I’ve been accepted into treatment, but now I’m on the waiting list and it is hard for me to stay strong sometimes. I mean, I know that if I break apart and can’t keep myself held together — that my bed will be given to someone else. I have to remain medically stable in order to get a bed, as I’m going to a “non-medical facility”.
Sometimes it is hard to be strong. Today, I was given a lot of hope because I heard from the program twice. They received my first homework assignment and they are mailing me my next set of assignments to do while I’m waiting. I also heard from the house director, which was an intense but good phone call. This program requires a lot from their girls and it is to make sure that the girls are dedicated and fully ready to face their issues. I am ready to face my issues, yet I’m scared. I want this more than anything, but in the middle of the night or during an argument with my folks — I still feel like I’m made of glass and could shatter at any moment. I need help and I’m clinging to the hope of being granted a bed so I can get help.

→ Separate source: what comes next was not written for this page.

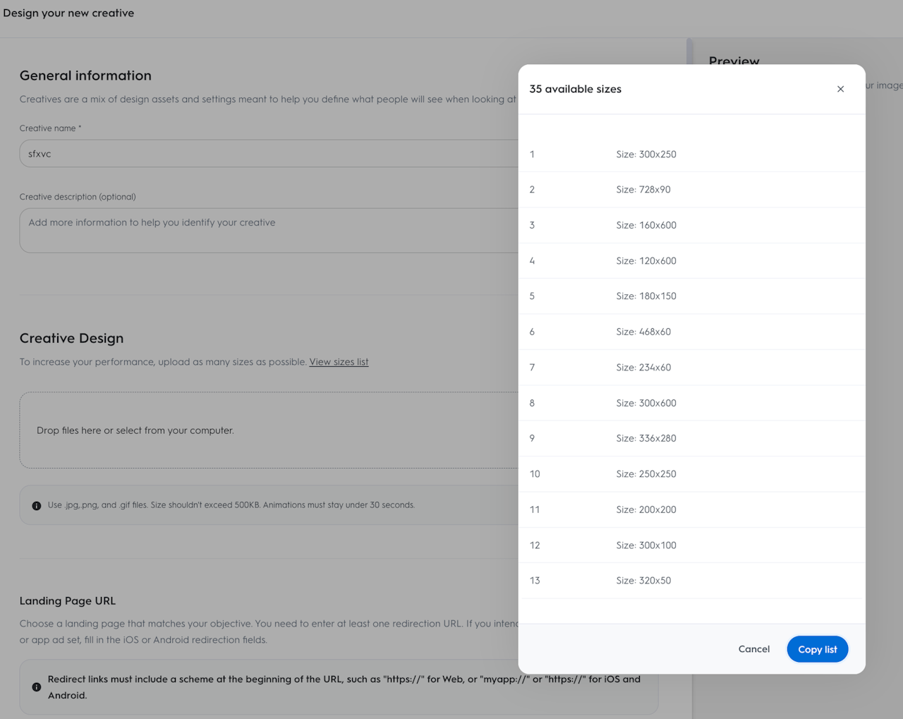 We accept MP4 files with a resolution of at least 720 pixels and a minimum 2500kbps bit rate. Videos can be up to 30 seconds. Criteo will generate multiple versions of the video file with various resolutions and bitrates to ensure maximum compatibility with users. | Impression Tracker (up to 10):

In my head, I keep on going up and down and up and down my “To Do List”. I have to remain medically stable, I must take all of my meds, I have to keep on eating, I can’t self-injure, etc… It is so hard, but I want to get help so desperately. When the stress builds up and builds up, I don’t think I can do it.
Right now, I’m more afraid of dying than I am of living — so I think that is why I’m able to keep on making better choices. I’m choosing not to hurt myself and to stay on my meds and to keep in faithful touch with a member of my support system daily – I daily, often multiple times a day, have to decide that I can and will stay strong. The last time I injured I was rushed to the hospital by ambulance. I know that right now, if I give up – I won’t make it.
I can’t give up and I must keep hoping for a bed.